Les exceptions au principe du secret professionnel
Les psychiatres sont souvent confrontés à des dilemmes cornéliens qui les obligent à mesurer les risques professionnels qu’ils peuvent encourir en cas de révélations d’éléments couverts normalement par le secret professionnel. Par exemple, que doit faire le praticien à qui un patient mineur déclare être victime de violences sexuelles ? Ou, plus généralement, que doit faire le médecin qui a connaissance d’un crime ou d’un délit ? La marge de manoeuvre des professionnels du domaine médical étant très étroite, la loi prévoit certains cas dans lesquels il leur est possible de déroger au principe du secret professionnel. Le but de cette étude n’est pas de toutes les énumérer, mais simplement d’en exprimer les principales.
1) La protection des personnes vulnérables
Aux termes de l’article 226-14 du Code pénal l’obligation de confidentialité à la charge des médecins n’est pas applicable « à celui qui informe les autorités judiciaire, médicale ou administrative de sévices ou privations dont il a eu connaissance et qui ont été infligés à un mineur de 15 ans ou à une personne qui n’est pas en mesure de se protéger de son âge ou de son état physique ou psychique » .
Cette exception légale au principe du secret professionnel est particulièrement importante pour les psychiatres. Qui plus que ces praticiens rencontre quotidiennement des patients que l’on peut qualifier de « vulnérables » ? En pratique l’attitude à adopter par le médecin n’est cependant pas évidente pour autant. Son choix, d’informer ou non, est principalement dicté par une analyse professionnelle et il doit donc agir en fonction de sa propre appréciation. Il faut néanmoins noter que lorsque le praticien s’abstient de toute révélation, il ne peut pas être poursuivi devant les juridictions pénales. En effet, l’obligation de dénonciation supportée par les personnes qui ont connaissance d’un délit ou d’un crime ne concerne pas les professionnels tenus par le secret professionnel.
2) L’accord de la victime
Le même article du Code pénal précise également que la dérogation s’applique : « -au médecin qui avec l’accord de la victime porte à la connaissance du Procureur de la République les sévices qu’il a constatés dans l’exercice de sa profession et qui lui permettent de présumer que des violences sexuelles de toute nature auraient été commises . » Les psychiatres ont donc la possibilité de saisir directement le Procureur de la République lorsqu’ils ont connaissance de violences sexuelles et qu’ils ont obtenu l’accord de la victime de ces sévices.
Le psychiatre et la notion de « non-assistance à personne en danger »
La situation des psychiatres est particulièrement complexe puisqu’ils ne peuvent à contrario pas se retrancher derrière le refus du patient de se soigner ou d’être hospitalisé pour s’exonérer de toute responsabilité.
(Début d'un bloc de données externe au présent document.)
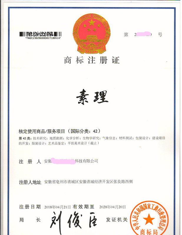 您委托我所代理商标注册申请,名称为“素理”42类商标注册证已下达。
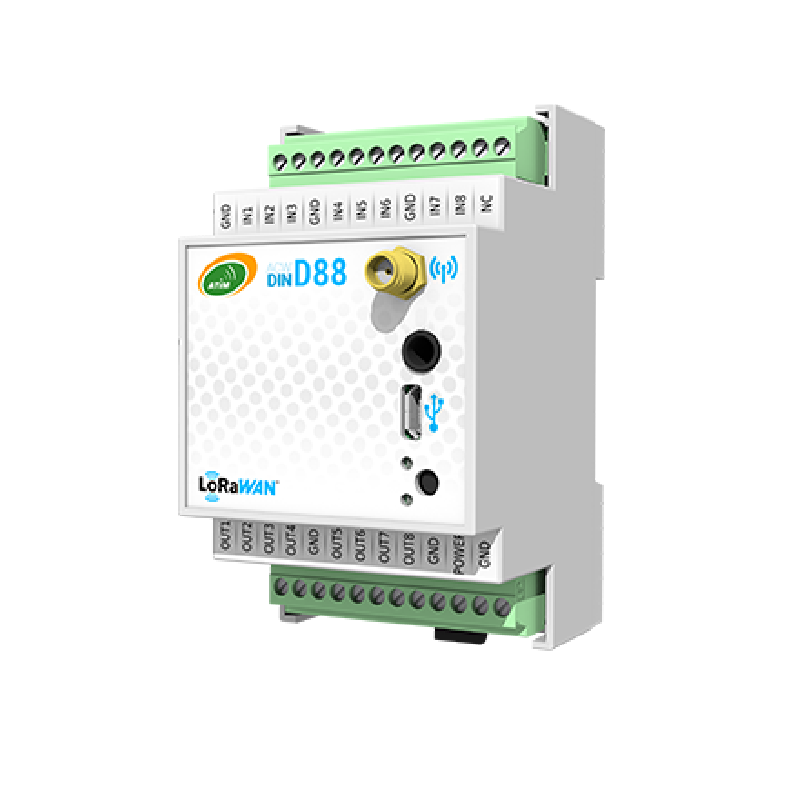 The DINDxx facilitates the reporting of the status of up to 8 dry contacts or up to 8 pulse counter indices. It also allows to remotely control industrial equipments and to check their proper functioning. The readings are regularly transmitted on LoRaWAN networks and its configuration is configurable from the ATIM suite tools.

Celle-ci peut, en effet, aussi être engagée en cas d’abstention de leur part si l’on démontre une attitude passive critiquable de leur part pouvant être assimilée à de la « non assistance à personne en danger ». Le patient doit en effet être protégé contre lui-même.
Pour être constitutif d’un délit de non-assistance à personne en danger, la situation doit réunir trois éléments :
– l’existence d’un péril : le cas le plus courant en matière psychiatrique est bien entendu le risque suicidaire dont la prévisibilité doit être établie.
– une possibilité d’assistance : ce peut être par exemple la possibilité de traiter la personne en péril. En revanche, le fait de mettre en garde la famille est plus difficile à retenir car le médecin est également tenu par les règles du secret professionnel.
– un refus injustifié d’agir.
Le délit de non-assistance à personne en danger, à savoir le fait de s’abstenir volontairement de porter à une personne en péril l’assistance que, sans risque pour lui ou pour les tiers, il pouvait lui être apportée, est sanctionné par le Code pénal de 5 ans d’emprisonnement et de 500.000 francs d’amende.
S’il est vrai que jusqu’à présent aucun psychiatre n’a été condamné sur le fondement de la non-assistance à personne en danger, la judiciarisation sans cesse croissante de notre société et plus particulièrement des rapports patients-médecins doit entraîner une vigilance particulière sur ce point.